▶ Task statement:
Your task is to repeat exactly the lines from the one with "この方針のもと、昨年も「プラ" through the end of the records, both included; please leave the pictures out.

(Dataset records)
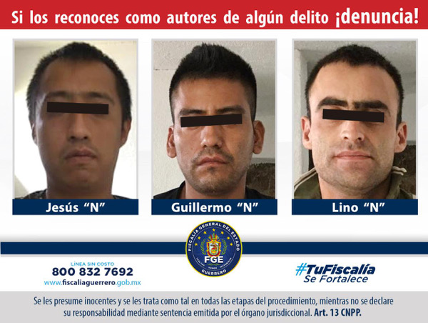 Luego de la detención de Jesús “N”, Lino “N” y Guillermo “N”, la Fiscalía General del Estado logra vinculación a proceso como probables responsables del delito de homicidio calificado al interior de un jaripeo en Huitzuco de los Figueroa, región Norte del estado.
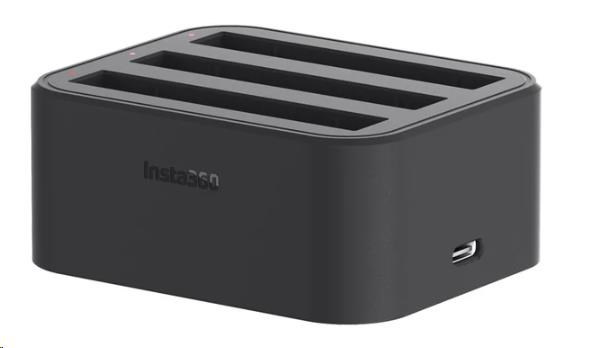 Nabíječ pro inteligentní akumulátory Insta360 ONE X2. Nabíječem lze nabíjet tři akumulátory současně.....
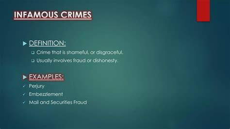 It is important to remember that an infamous crime is not just any crime that is widely known or talked about. Rather, it is a specific type of crime that carries with it certain legal consequences and societal implications.
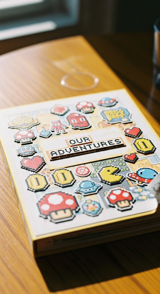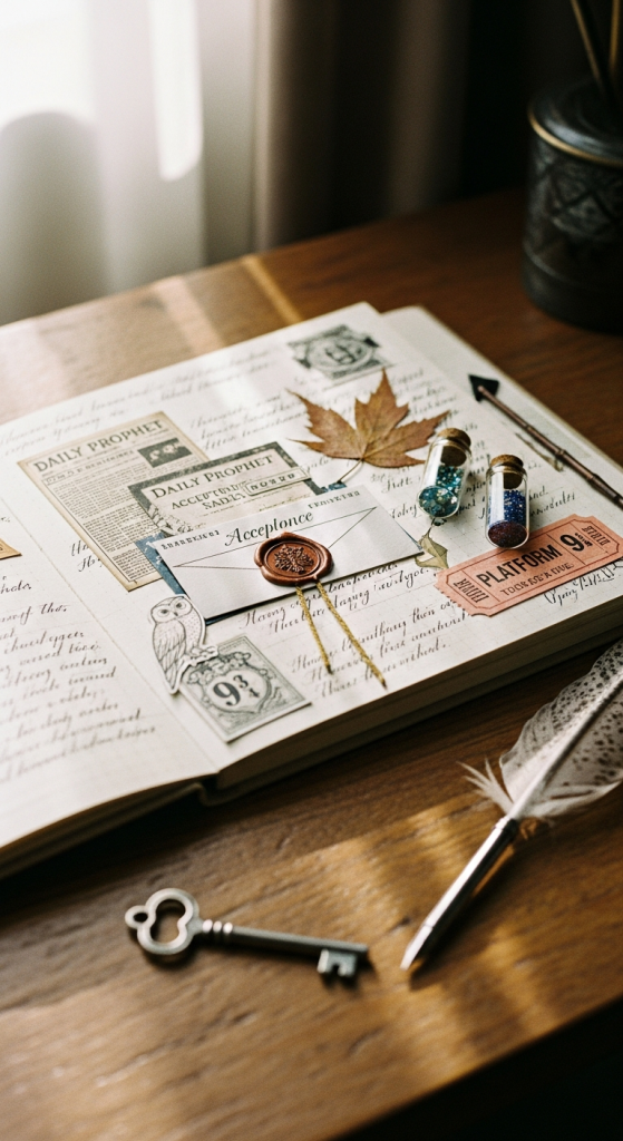 Design the scrapbook like a spellbook or a Hogwarts acceptance letter. Use parchment-style paper, wax seals, and handwritten notes. Dedicate pages to “chapters” of your relationship. Like different years at Hogwarts.
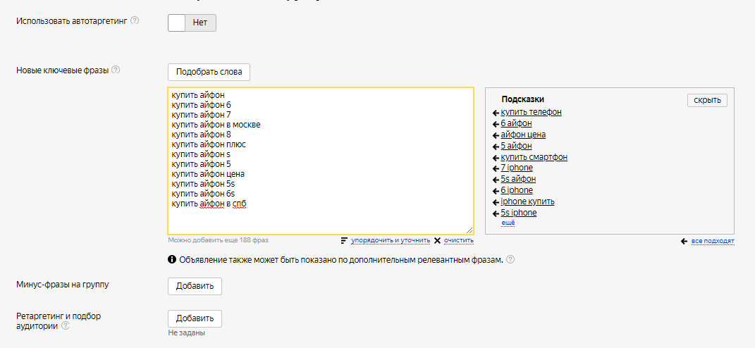 Еще раз про минус-фразы. Обратите внимание, что ключ «iPhone 8» является частью ключа «iPhone 8 Plus». Соответственно, нам важно, чтобы по ключу «iPhone 8 Plus» пользователь НЕ видел объявление про iPhone 8, т.к. это две разные модели. Поэтому для объявления про iPhone 8 необходимо добавить слово Plus в список минус-фраз.
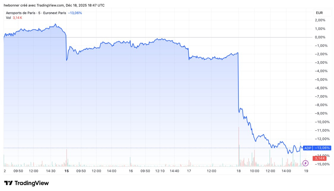 Ainsi, l’action d’ADP chute de 13 %, au milieu de décembre, après le rejet des hausses de tarifs par le gouvernement.
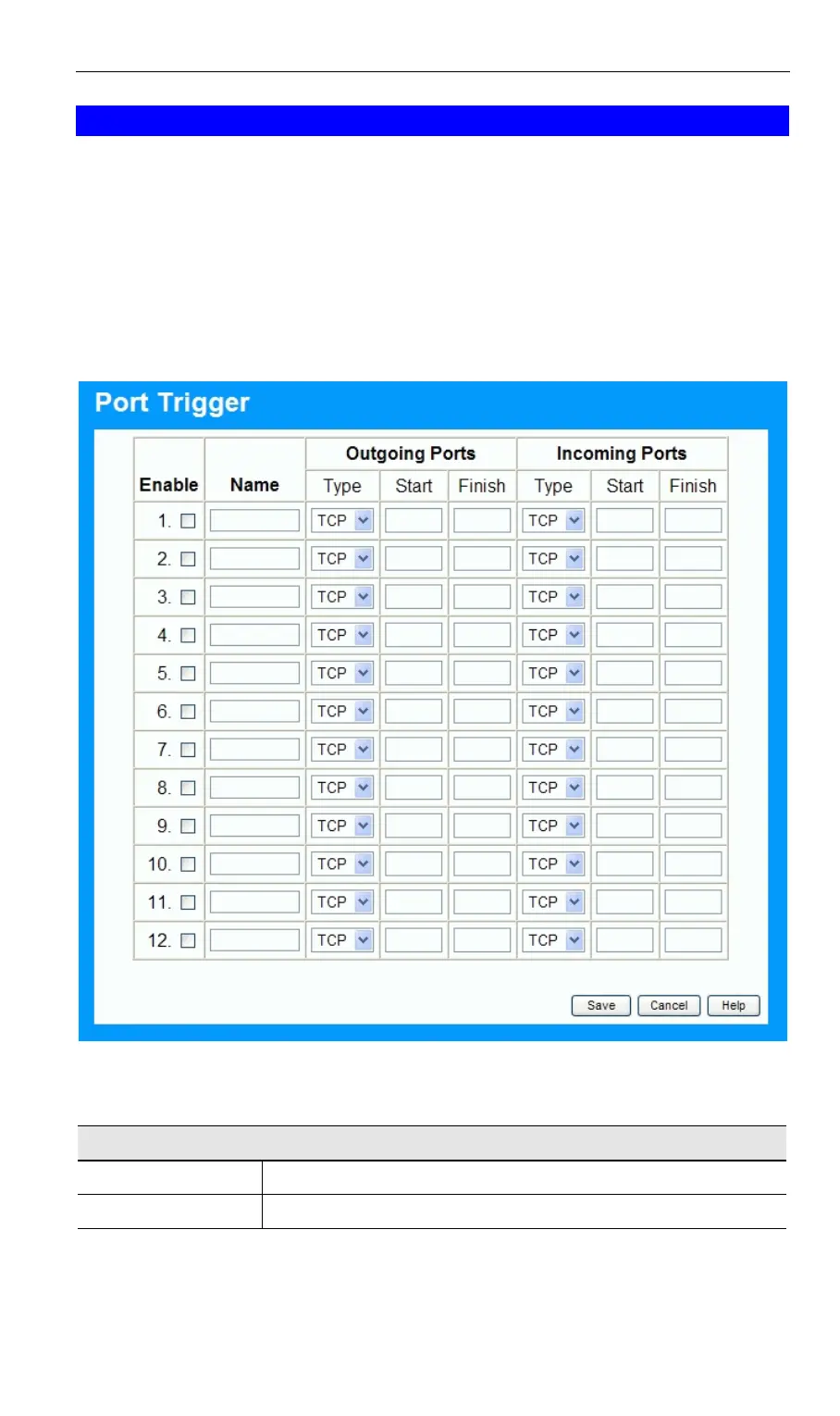 You can then define your Port Trigger. You will need detailed information about the applica-
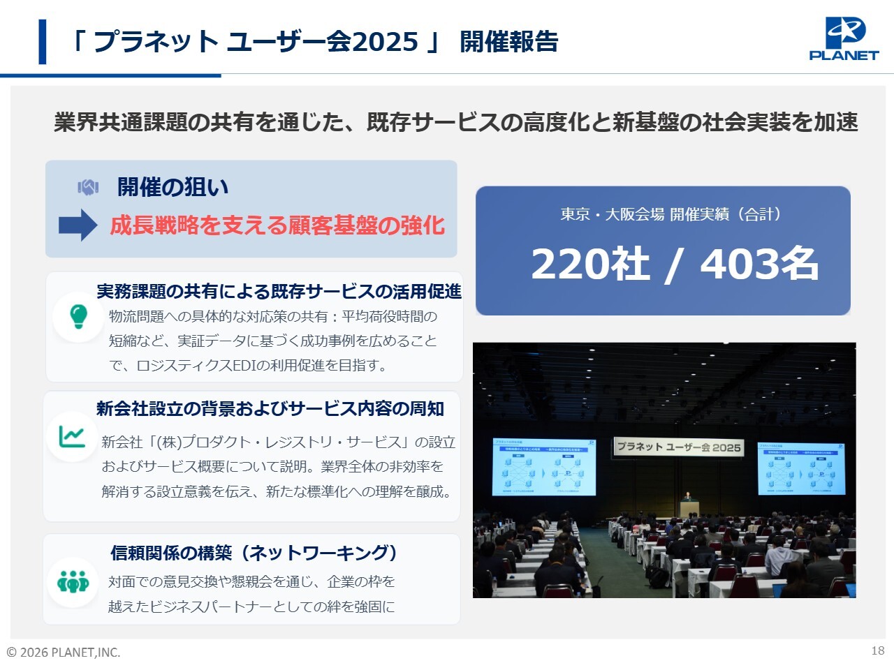 この方針のもと、昨年も「プラネットユーザー会2025」を東京と大阪の2会場で開催しました。2会場合計で220社403名と多くの方々にご参加いただき、業界共通の課題解決に向けた有意義な情報交換の場とすることができました。
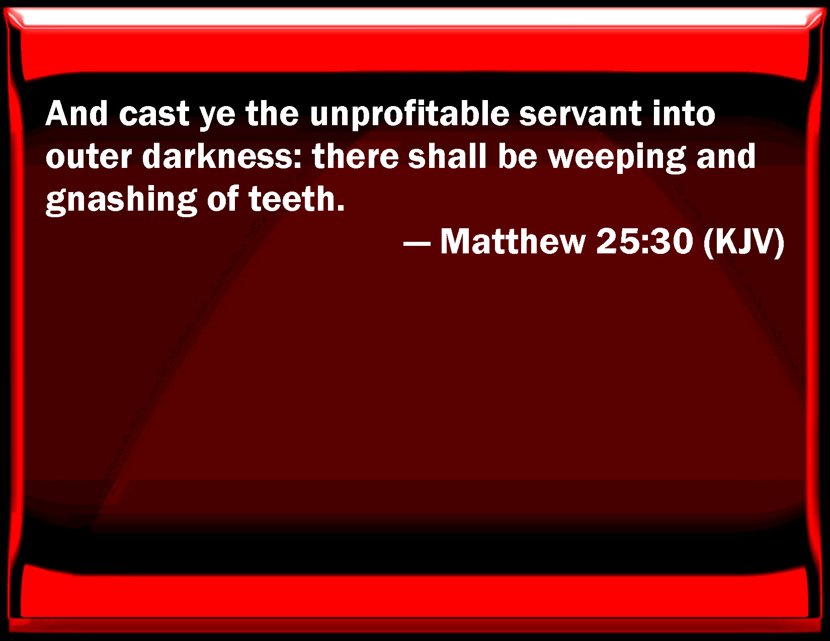 And the unprofitable servant cast ye out into the exterior darkness. There shall be weeping and gnashing of teeth.

▶ Your response:
 この方針のもと、昨年も「プラネットユーザー会2025」を東京と大阪の2会場で開催しました。2会場合計で220社403名と多くの方々にご参加いただき、業界共通の課題解決に向けた有意義な情報交換の場とすることができました。
 And the unprofitable servant cast ye out into the exterior darkness. There shall be weeping and gnashing of teeth.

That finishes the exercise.